(Beginning of THE INPUT)

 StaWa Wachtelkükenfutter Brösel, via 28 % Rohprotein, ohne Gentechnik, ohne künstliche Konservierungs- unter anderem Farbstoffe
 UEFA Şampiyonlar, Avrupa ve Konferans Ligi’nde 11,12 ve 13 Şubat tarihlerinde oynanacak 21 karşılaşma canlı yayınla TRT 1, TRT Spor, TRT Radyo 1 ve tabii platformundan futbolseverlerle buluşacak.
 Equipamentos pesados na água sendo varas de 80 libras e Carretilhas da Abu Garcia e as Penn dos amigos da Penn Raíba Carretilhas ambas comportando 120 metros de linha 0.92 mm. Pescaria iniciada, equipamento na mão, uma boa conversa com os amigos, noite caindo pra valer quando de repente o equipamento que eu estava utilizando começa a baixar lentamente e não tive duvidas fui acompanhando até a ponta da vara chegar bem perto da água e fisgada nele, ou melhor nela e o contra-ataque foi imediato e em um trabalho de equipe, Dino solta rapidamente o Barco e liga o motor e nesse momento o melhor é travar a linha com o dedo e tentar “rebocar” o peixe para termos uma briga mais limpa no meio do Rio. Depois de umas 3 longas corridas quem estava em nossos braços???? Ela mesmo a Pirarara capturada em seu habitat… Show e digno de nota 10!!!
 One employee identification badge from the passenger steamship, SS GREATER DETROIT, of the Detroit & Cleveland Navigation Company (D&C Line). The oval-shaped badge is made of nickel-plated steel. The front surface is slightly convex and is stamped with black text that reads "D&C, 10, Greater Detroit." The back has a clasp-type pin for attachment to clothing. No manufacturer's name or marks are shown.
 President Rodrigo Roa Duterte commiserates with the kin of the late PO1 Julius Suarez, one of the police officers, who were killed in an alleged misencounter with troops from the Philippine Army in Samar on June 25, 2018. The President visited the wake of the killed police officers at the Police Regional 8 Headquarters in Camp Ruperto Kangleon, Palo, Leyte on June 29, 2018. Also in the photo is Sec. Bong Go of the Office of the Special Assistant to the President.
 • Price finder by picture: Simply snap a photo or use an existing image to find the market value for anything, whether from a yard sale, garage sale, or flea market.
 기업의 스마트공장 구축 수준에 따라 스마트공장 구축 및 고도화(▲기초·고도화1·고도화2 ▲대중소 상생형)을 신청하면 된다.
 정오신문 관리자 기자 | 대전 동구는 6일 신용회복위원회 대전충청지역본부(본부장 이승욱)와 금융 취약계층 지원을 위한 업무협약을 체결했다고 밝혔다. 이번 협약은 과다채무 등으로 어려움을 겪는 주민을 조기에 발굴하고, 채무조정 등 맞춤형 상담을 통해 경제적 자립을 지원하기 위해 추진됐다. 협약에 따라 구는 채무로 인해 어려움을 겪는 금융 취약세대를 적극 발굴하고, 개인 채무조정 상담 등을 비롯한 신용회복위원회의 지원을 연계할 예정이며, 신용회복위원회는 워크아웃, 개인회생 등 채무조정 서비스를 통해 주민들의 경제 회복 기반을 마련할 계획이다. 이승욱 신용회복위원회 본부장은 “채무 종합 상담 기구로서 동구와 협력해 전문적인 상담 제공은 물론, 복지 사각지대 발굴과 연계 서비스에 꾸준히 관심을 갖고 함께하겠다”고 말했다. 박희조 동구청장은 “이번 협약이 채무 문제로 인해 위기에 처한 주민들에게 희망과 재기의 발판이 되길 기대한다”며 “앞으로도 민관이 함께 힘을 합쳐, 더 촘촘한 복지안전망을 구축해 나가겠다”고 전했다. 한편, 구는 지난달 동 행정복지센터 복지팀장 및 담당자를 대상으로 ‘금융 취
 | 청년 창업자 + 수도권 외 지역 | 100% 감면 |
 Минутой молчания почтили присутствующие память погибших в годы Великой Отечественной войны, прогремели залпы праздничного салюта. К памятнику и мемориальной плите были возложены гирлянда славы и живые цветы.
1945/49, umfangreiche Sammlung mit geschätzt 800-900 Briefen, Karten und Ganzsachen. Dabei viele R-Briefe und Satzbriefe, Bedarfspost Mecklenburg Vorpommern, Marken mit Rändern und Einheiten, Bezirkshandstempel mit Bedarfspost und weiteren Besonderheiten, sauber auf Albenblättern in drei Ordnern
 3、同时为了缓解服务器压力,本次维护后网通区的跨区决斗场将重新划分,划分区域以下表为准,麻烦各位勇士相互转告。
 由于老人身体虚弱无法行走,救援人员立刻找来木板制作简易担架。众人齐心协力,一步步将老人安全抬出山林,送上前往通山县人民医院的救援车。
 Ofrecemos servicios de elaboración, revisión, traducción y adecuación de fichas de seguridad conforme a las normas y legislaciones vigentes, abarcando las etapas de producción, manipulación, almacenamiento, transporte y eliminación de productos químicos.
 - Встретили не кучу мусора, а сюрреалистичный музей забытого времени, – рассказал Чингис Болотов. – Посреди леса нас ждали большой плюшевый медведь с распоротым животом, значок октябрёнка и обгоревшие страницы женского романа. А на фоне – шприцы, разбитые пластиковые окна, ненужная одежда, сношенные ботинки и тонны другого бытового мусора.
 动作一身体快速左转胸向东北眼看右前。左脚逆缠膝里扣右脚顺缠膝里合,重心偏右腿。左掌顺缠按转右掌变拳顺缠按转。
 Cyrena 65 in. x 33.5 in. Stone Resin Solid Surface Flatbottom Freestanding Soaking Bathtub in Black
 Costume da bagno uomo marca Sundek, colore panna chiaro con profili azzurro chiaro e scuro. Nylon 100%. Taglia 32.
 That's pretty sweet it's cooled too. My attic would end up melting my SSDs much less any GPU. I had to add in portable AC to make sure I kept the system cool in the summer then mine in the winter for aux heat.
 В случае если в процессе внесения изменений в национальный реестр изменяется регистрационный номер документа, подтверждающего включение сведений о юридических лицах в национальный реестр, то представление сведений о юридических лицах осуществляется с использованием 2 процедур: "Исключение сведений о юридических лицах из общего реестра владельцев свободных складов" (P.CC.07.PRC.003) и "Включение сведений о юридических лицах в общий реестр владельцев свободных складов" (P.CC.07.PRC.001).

(End of THE INPUT)

__PROBLEM__. Beginning at the first line above, repeat exactly until the line containing "Equipamentos pesados na", which is included.

__SOLUTION TO THIS EXERCISE__.
 StaWa Wachtelkükenfutter Brösel, via 28 % Rohprotein, ohne Gentechnik, ohne künstliche Konservierungs- unter anderem Farbstoffe
 UEFA Şampiyonlar, Avrupa ve Konferans Ligi’nde 11,12 ve 13 Şubat tarihlerinde oynanacak 21 karşılaşma canlı yayınla TRT 1, TRT Spor, TRT Radyo 1 ve tabii platformundan futbolseverlerle buluşacak.
 Equipamentos pesados na água sendo varas de 80 libras e Carretilhas da Abu Garcia e as Penn dos amigos da Penn Raíba Carretilhas ambas comportando 120 metros de linha 0.92 mm. Pescaria iniciada, equipamento na mão, uma boa conversa com os amigos, noite caindo pra valer quando de repente o equipamento que eu estava utilizando começa a baixar lentamente e não tive duvidas fui acompanhando até a ponta da vara chegar bem perto da água e fisgada nele, ou melhor nela e o contra-ataque foi imediato e em um trabalho de equipe, Dino solta rapidamente o Barco e liga o motor e nesse momento o melhor é travar a linha com o dedo e tentar “rebocar” o peixe para termos uma briga mais limpa no meio do Rio. Depois de umas 3 longas corridas quem estava em nossos braços???? Ela mesmo a Pirarara capturada em seu habitat… Show e digno de nota 10!!!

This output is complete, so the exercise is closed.